Please feel free to cut-and-paste this message and forward it on to family, friends, colleagues, listservs, and organizations you feel would be interested in participating!
I am currently conducting a survey to measure opinions regarding the possible creation of a sovereign government for native Hawaiians. I am hoping that individuals (whether they be Native Hawaiian, Native American, residents of Hawaii, non-residents, or simply interested parties) may be willing to weigh in on this topic, providing thoughts and suggestions as to the pros and cons of federal recognition, indicating whether there is support for the federal recognition of native Hawaiians, and more.
To participate in the survey, please visit http://www.surveymonkey.com/s.aspx?sm=1gyih87QmmxyZJrLqAJA_2bA_3d_3d
The survey has been designed so that you can answer anywhere from one to all of the questions.

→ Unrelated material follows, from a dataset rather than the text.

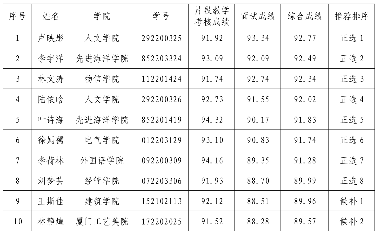 根据《关于组建福州大学第28届研究生支教团有关工作安排的通知》(校团〔2025〕5号)要求,经本人申请、学院推报、资格审查、片段教学考核、面试考核,确定卢映彤等8位考生为我校第28届研究生支教团拟入选志愿者,王斯佳等2位考生为候补人选,现予以公示:

As you all know, I am a third year, native Hawaiian student at the University of San Francisco School of Law. My intent is to publish the results of this survey in an article that will be available for consideration by lawyers, judges, legislators and the general public. This article could make a significant contribution in terms of policy making regarding the future recognition of native Hawaiians. I am committed to sharing the results of this survey with Indian country, as well as with the Hawaiian and Native communities at large.
Thank you, in advance, for your participation.